◆ The task
Exactly the lines from the one containing "This contemporary rug" through the end of the listing must make up the answer, with no pictures included.

◆ Recorded data

▬▬▬▬▬▬

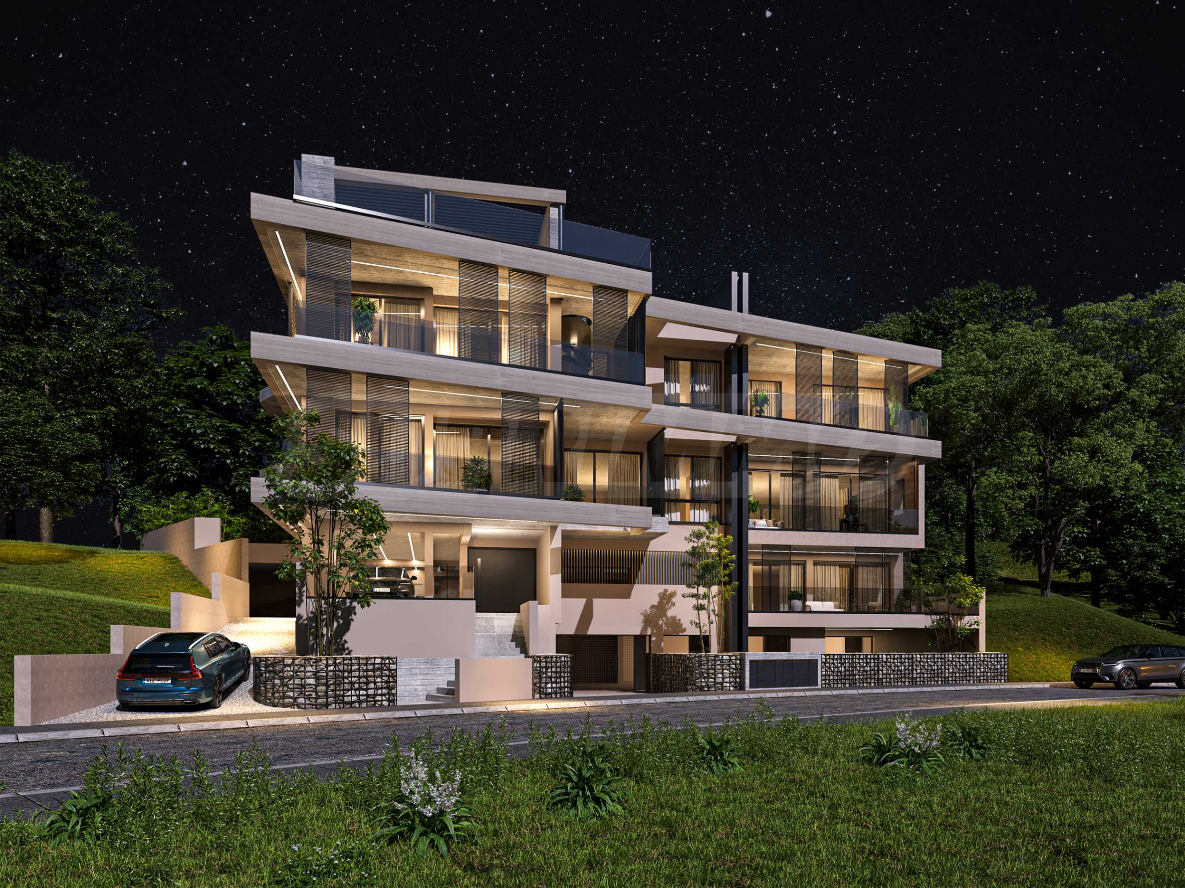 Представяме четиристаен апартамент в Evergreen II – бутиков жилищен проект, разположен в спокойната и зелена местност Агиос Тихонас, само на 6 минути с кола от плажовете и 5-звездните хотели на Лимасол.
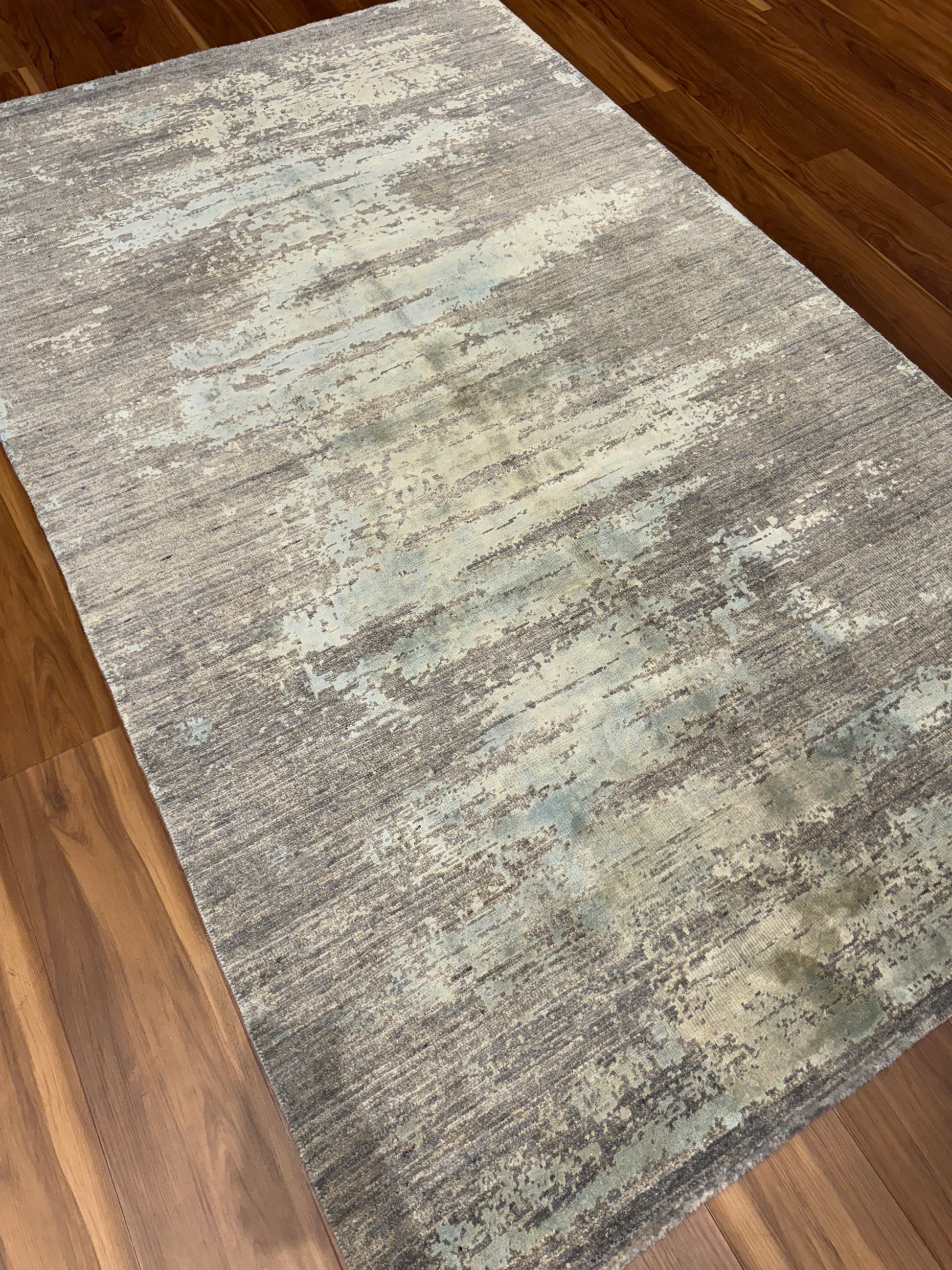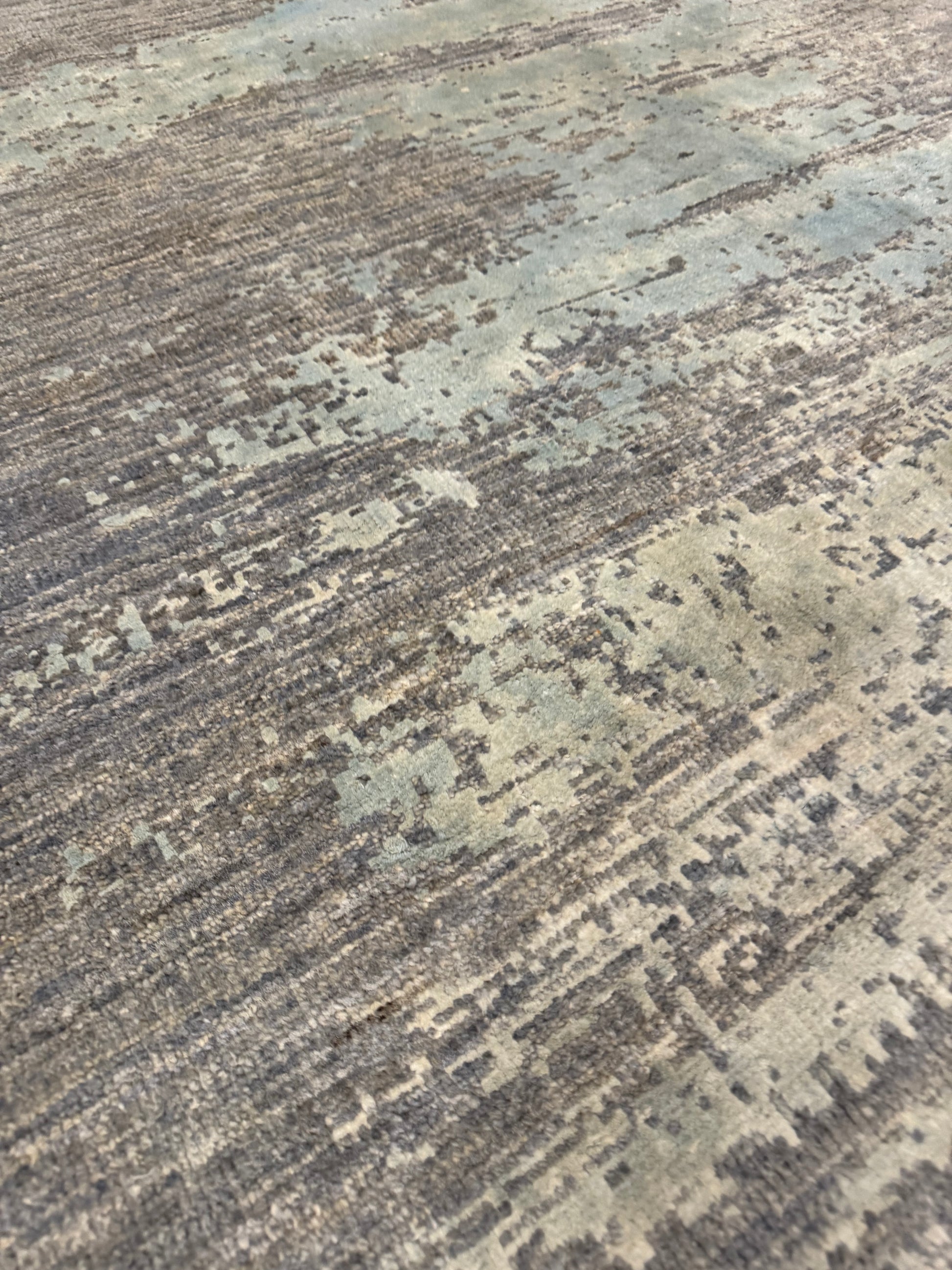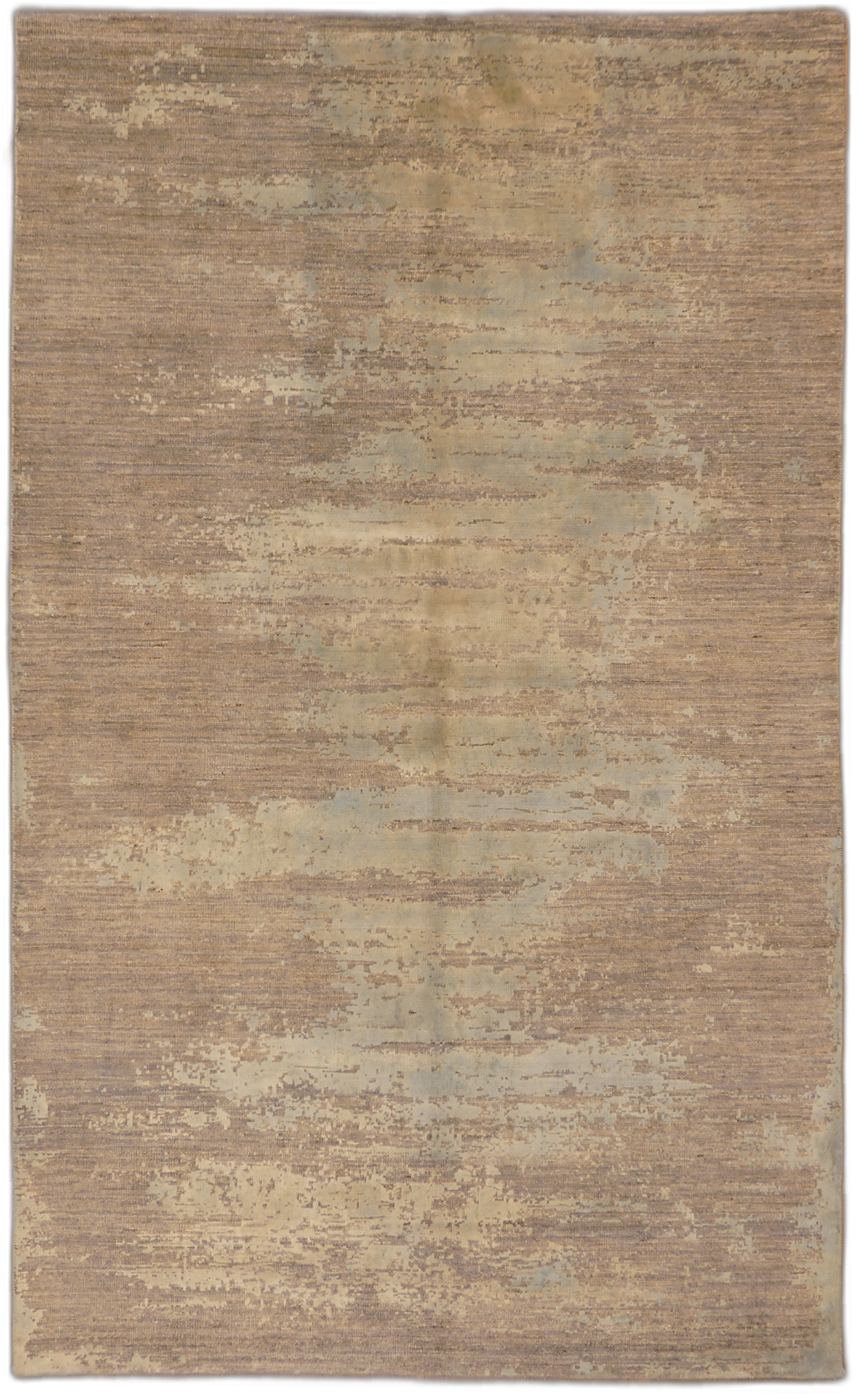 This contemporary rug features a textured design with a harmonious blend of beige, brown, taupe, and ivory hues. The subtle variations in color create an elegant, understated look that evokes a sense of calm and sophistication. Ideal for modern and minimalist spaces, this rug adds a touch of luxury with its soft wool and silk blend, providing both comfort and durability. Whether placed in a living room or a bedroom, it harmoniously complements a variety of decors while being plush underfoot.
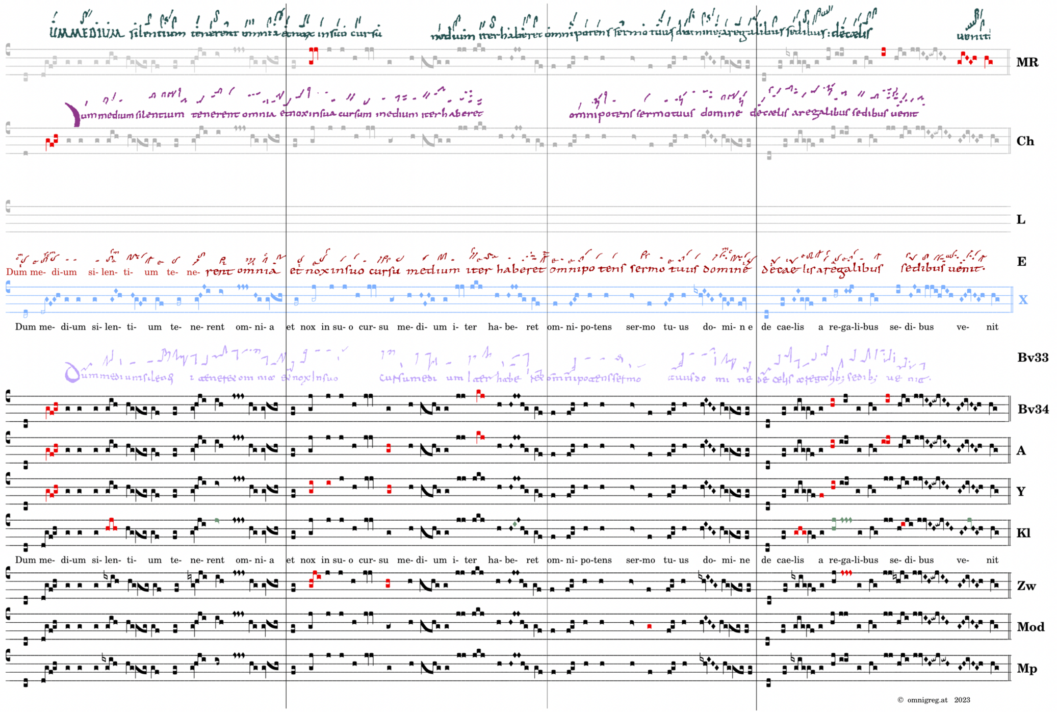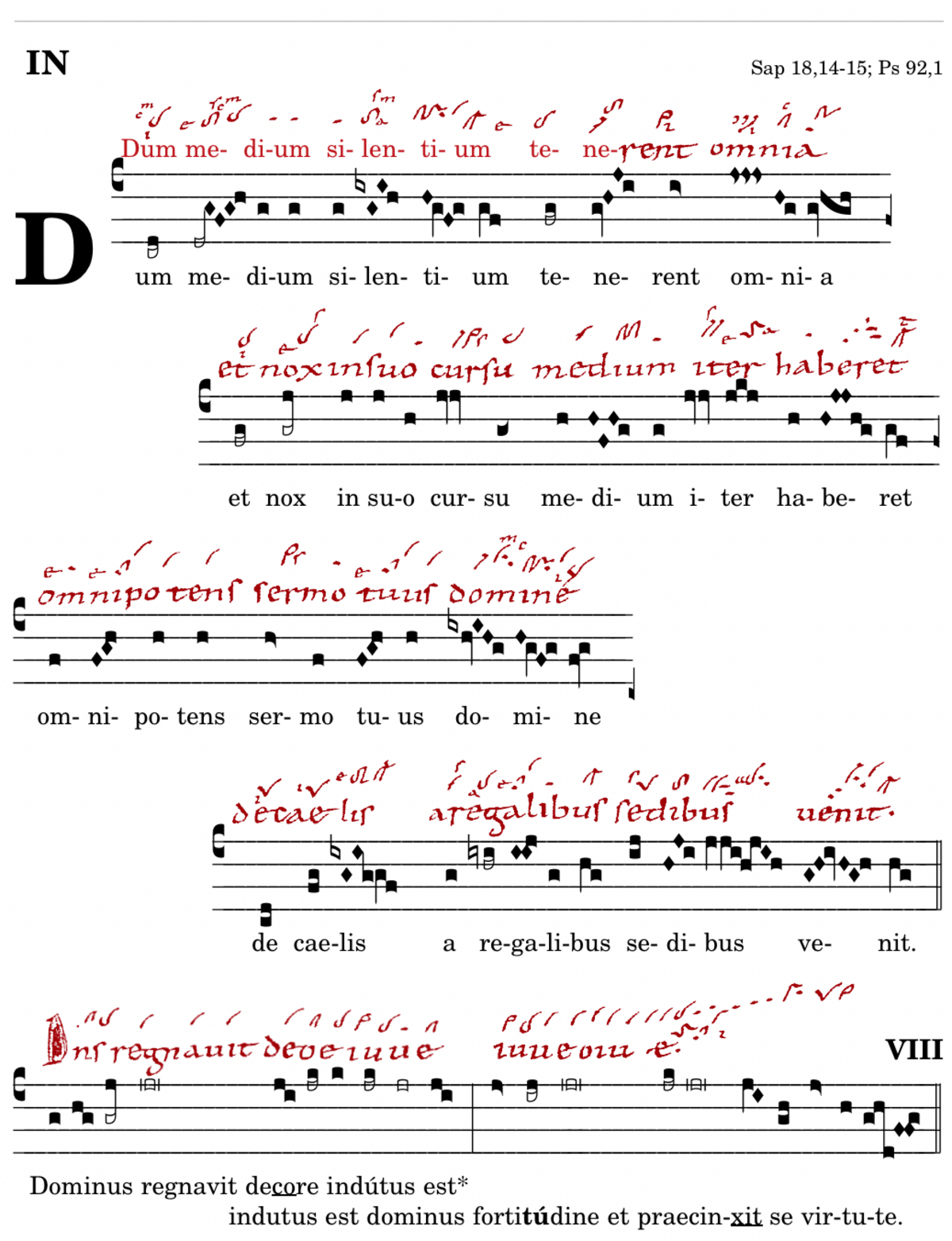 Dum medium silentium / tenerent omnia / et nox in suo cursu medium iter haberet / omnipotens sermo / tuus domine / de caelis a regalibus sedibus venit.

▬▬▬▬▬▬

◆ Expected answer
 This contemporary rug features a textured design with a harmonious blend of beige, brown, taupe, and ivory hues. The subtle variations in color create an elegant, understated look that evokes a sense of calm and sophistication. Ideal for modern and minimalist spaces, this rug adds a touch of luxury with its soft wool and silk blend, providing both comfort and durability. Whether placed in a living room or a bedroom, it harmoniously complements a variety of decors while being plush underfoot.
 Dum medium silentium / tenerent omnia / et nox in suo cursu medium iter haberet / omnipotens sermo / tuus domine / de caelis a regalibus sedibus venit.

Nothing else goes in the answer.